Early on, everything was fast to set up. Click here, configure that, connect this trigger.

In hindsight, we built something that was easy to create but hard to understand.

There’s a difference.

After a few months, nobody remembered:

which service triggered what
why certain permissions existed
what would break if we changed something small

Including me.🙋‍♂️

2. We let IAM complexity spiral 🌀

At first, permissions were tight. Thoughtful.

Then came edge cases:

“just add this permission for now”
“we’ll clean this up later”
“it’s blocking the pipeline”

We never cleaned it up.

Six months in, we had roles that nobody fully understood. Some were over-permissive, others randomly failed due to missing access.⚠️

The worst part? Failures weren’t consistent.

Retrying sometimes “fixed” things.
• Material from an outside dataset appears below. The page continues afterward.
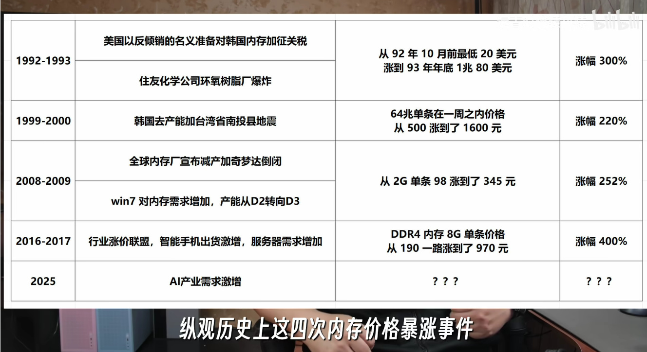 歷史上一共有過四次內存暴漲週期,最短的一次持續了一年零三個月

That’s dangerous it teaches people to ignore root causes.🚫

3. Debugging became archaeology

This one hurt the most.😓

To debug a single pipeline run, we had to:

jump between multiple dashboards
correlate timestamps manually
guess which service dropped the signal

There was no single narrative of “what happened.”

Just fragments.

I remember thinking: why is this harder than debugging a monolith on a single server?

That question stuck with me.

4. We overcomposed the system 🧱

At some point, we crossed a line from modular to fragmented.

Every small concern became its own piece:

build
test
artifact storage
deploy orchestration
notifications

Individually, each piece made sense.👍

Together, they formed a system that had too many moving parts to reason about.

What I didn’t realize at the time:
Every boundary you introduce is also a failure point.⚠️

What I changed (and what felt wrong at first)

The fixes weren’t glamorous. Some even felt like a step backward.

I reduced the number of services

This was controversial internally.

Instead of chaining multiple AWS services, I consolidated parts of the pipeline into fewer components even if that meant slightly more responsibility in one place.

Less “cloud-native purity.”
More predictability.

And honestly? Things got easier to debug almost immediately.

I started designing for failure visibility

Not prevention. Visibility.🔍

We added:

clearer, centralized logging (not perfect, just better)
explicit failure points instead of silent retries
fewer “magic” triggers

I stopped trying to make everything seamless.

Because seamless systems are hard to inspect.

I treated IAM as code and not configuration💻

This was a big shift.

Instead of tweaking permissions ad hoc, we started defining them more explicitly and reviewing changes like actual code.

It slowed us down in the short term.

But it removed that creeping uncertainty of “who can do what anymore?”

I accepted a bit of duplication📄

Earlier, I tried to DRY everything out across pipelines and environments.

Now? Some duplication stays.

Why?

Because over-abstraction in infrastructure makes things harder to reason about when something breaks.

Clarity > cleverness.

Every time.✔️

The uncomfortable truth😬

Most AWS-based developer toolchains don’t fail because AWS is unreliable.

They fail because:

they become too abstract
too distributed
too “smart”

And nobody owns the full picture anymore.

It’s not a tooling problem. It’s a design mindset problem.

What I’d do differently from day one

If I had to rebuild everything:

I’d start with a simple question:

“When this breaks at 2 AM, how quickly can someone understand what happened?”

Not “how scalable is it”
Not “how serverless is it”
Not “how elegant is it”

Just that.🎯

Because six months in, that’s the only thing that really matters.

One last thing

People love to say:
“Use managed services so you can focus on business logic.”

I still agree with that.

But there’s a hidden cost.

You’re not eliminating complexity.
You’re relocating it.

And if you’re not careful…
you’ll end up debugging a system that nobody fully understands.

Including the person who built it.🙃